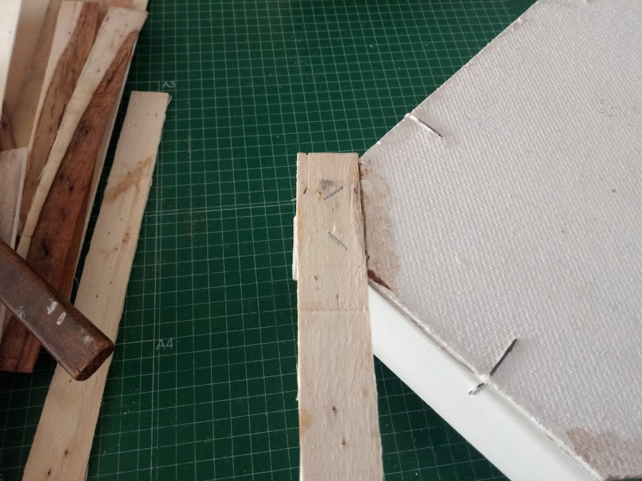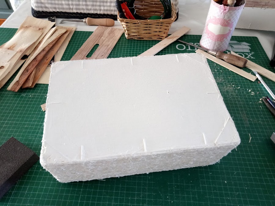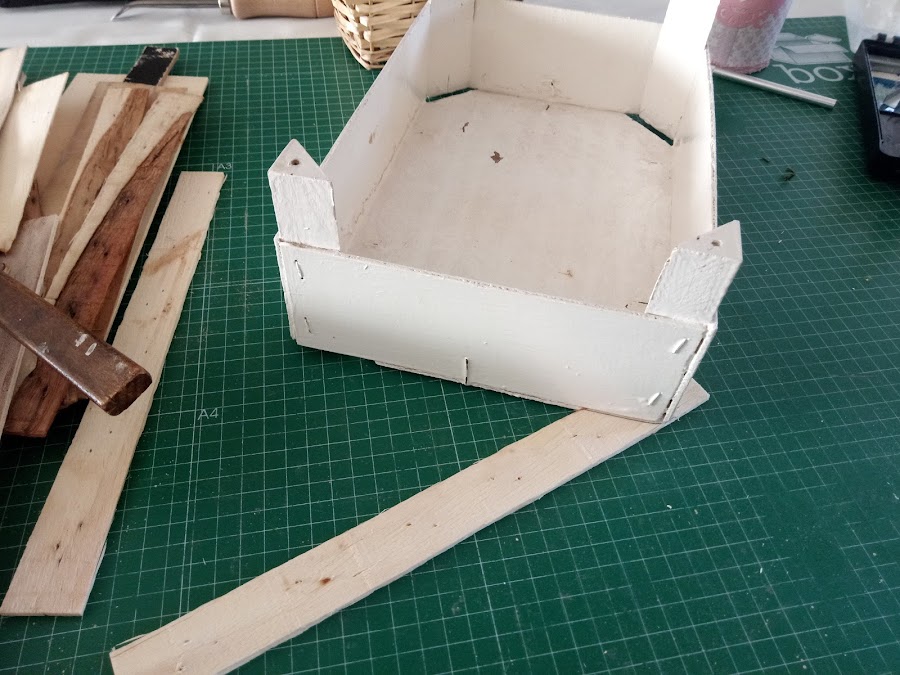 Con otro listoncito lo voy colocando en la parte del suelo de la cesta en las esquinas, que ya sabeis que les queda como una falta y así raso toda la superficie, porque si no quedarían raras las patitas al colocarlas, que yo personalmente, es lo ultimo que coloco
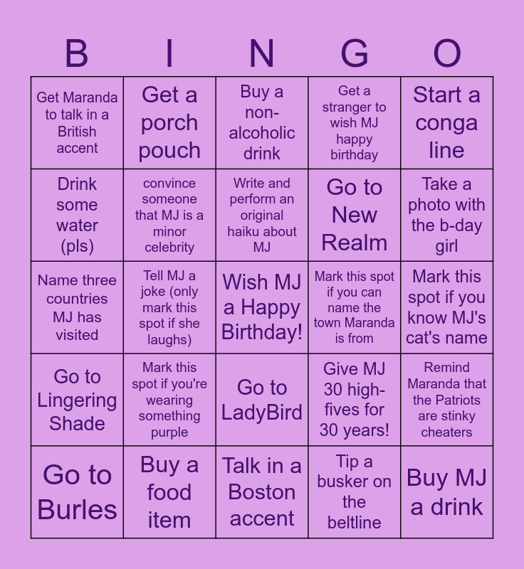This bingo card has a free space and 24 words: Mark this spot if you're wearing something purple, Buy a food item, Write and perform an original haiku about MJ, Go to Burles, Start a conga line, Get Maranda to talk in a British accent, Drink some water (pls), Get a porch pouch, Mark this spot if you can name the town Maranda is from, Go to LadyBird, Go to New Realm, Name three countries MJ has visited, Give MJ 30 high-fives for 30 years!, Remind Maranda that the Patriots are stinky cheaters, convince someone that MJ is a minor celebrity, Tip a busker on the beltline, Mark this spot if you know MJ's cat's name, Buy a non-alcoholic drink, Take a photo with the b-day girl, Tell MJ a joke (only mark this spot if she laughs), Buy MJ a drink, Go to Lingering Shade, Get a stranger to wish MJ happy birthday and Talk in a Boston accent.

_____

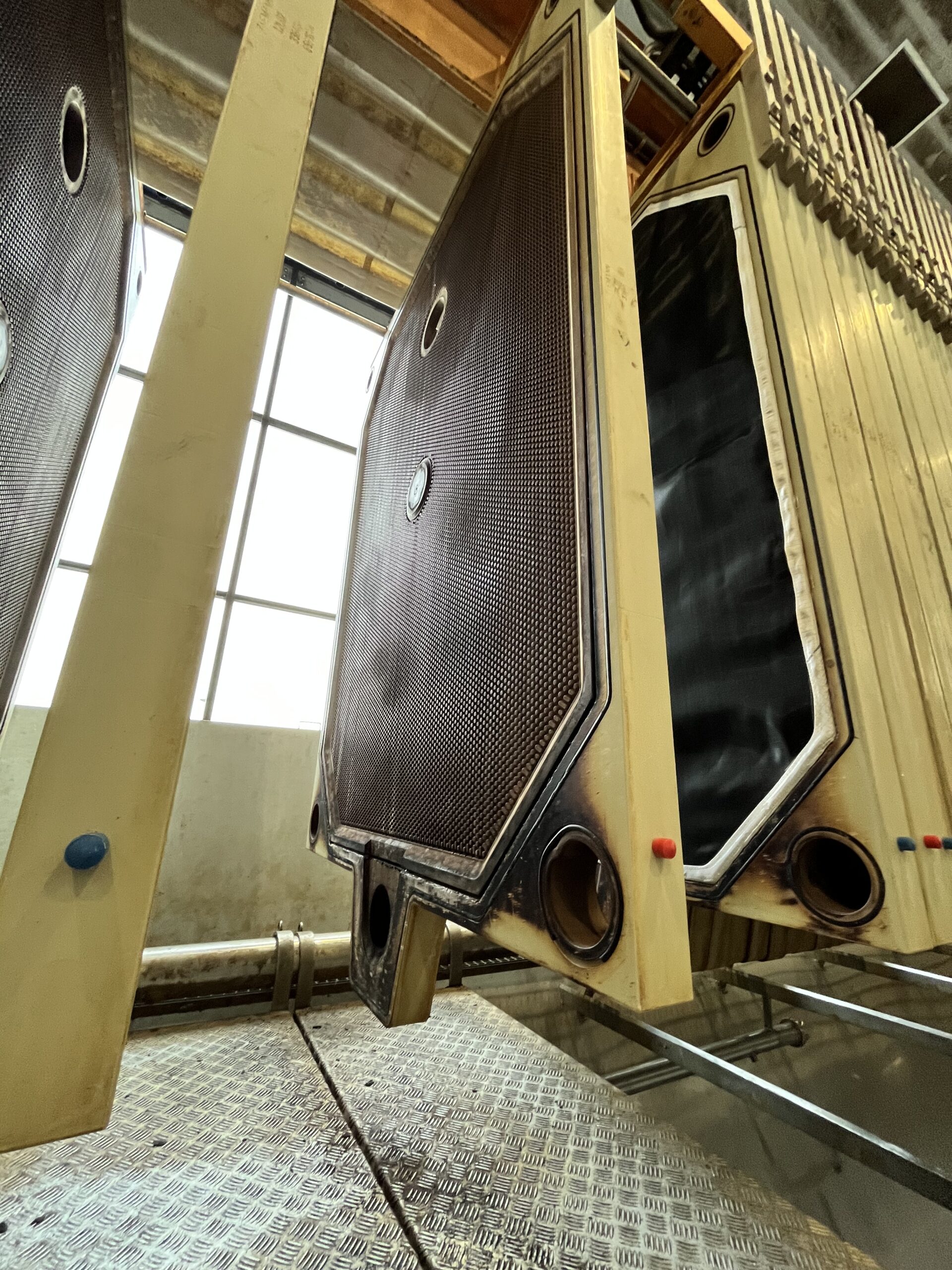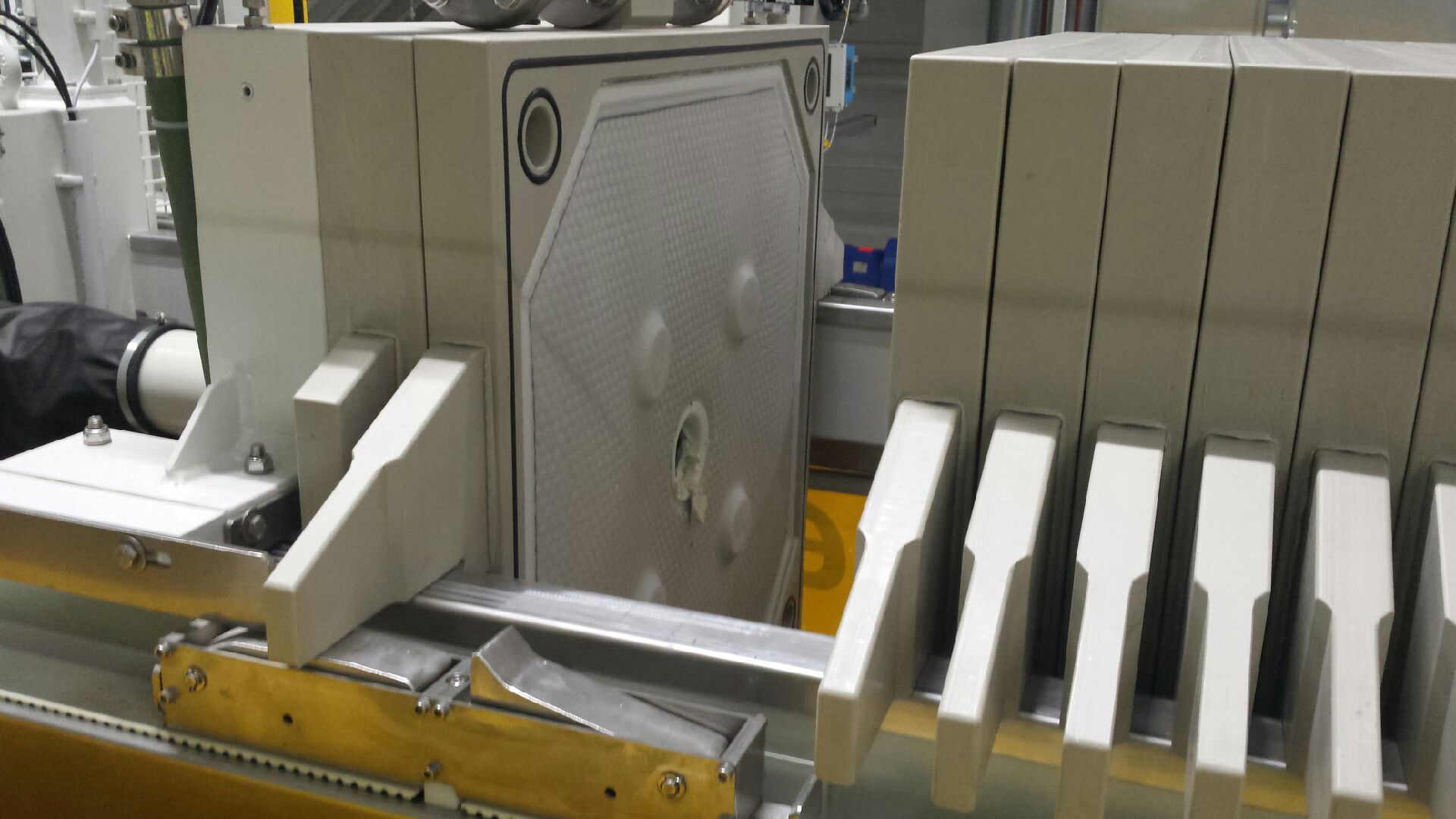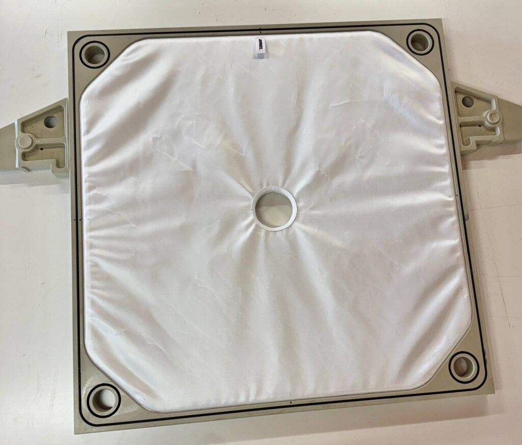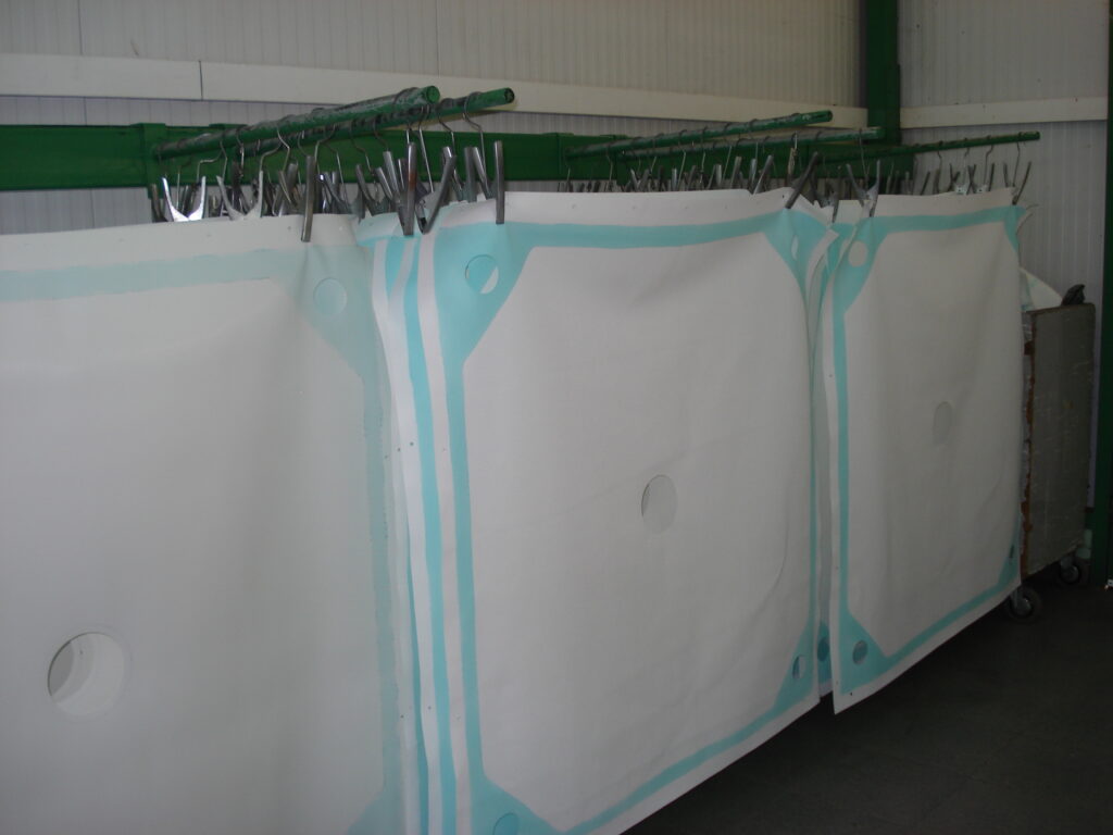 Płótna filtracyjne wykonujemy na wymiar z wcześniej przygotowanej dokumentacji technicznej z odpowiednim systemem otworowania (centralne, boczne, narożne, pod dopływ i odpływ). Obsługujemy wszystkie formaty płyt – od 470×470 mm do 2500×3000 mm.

_____

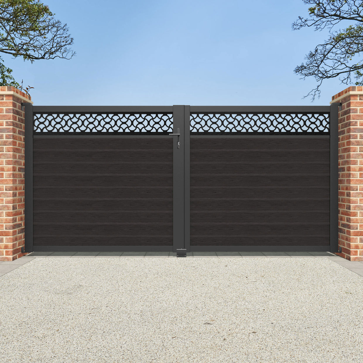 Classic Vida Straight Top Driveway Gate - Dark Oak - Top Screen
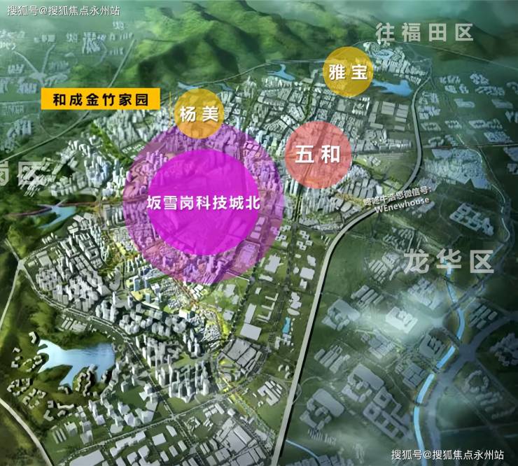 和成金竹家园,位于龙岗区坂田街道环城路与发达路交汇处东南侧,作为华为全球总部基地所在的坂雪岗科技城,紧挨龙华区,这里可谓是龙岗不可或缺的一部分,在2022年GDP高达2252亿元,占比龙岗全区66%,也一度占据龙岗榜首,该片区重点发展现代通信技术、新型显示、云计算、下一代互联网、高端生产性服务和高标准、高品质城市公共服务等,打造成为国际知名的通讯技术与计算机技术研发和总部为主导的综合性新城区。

_____

Print exactly, with no pictures, the lines above from the one that holds "Classic Vida Straight" through the one that holds "和成金竹家园,位于龙岗区坂田", both of them included.

* Exercise response
 Classic Vida Straight Top Driveway Gate - Dark Oak - Top Screen
 和成金竹家园,位于龙岗区坂田街道环城路与发达路交汇处东南侧,作为华为全球总部基地所在的坂雪岗科技城,紧挨龙华区,这里可谓是龙岗不可或缺的一部分,在2022年GDP高达2252亿元,占比龙岗全区66%,也一度占据龙岗榜首,该片区重点发展现代通信技术、新型显示、云计算、下一代互联网、高端生产性服务和高标准、高品质城市公共服务等,打造成为国际知名的通讯技术与计算机技术研发和总部为主导的综合性新城区。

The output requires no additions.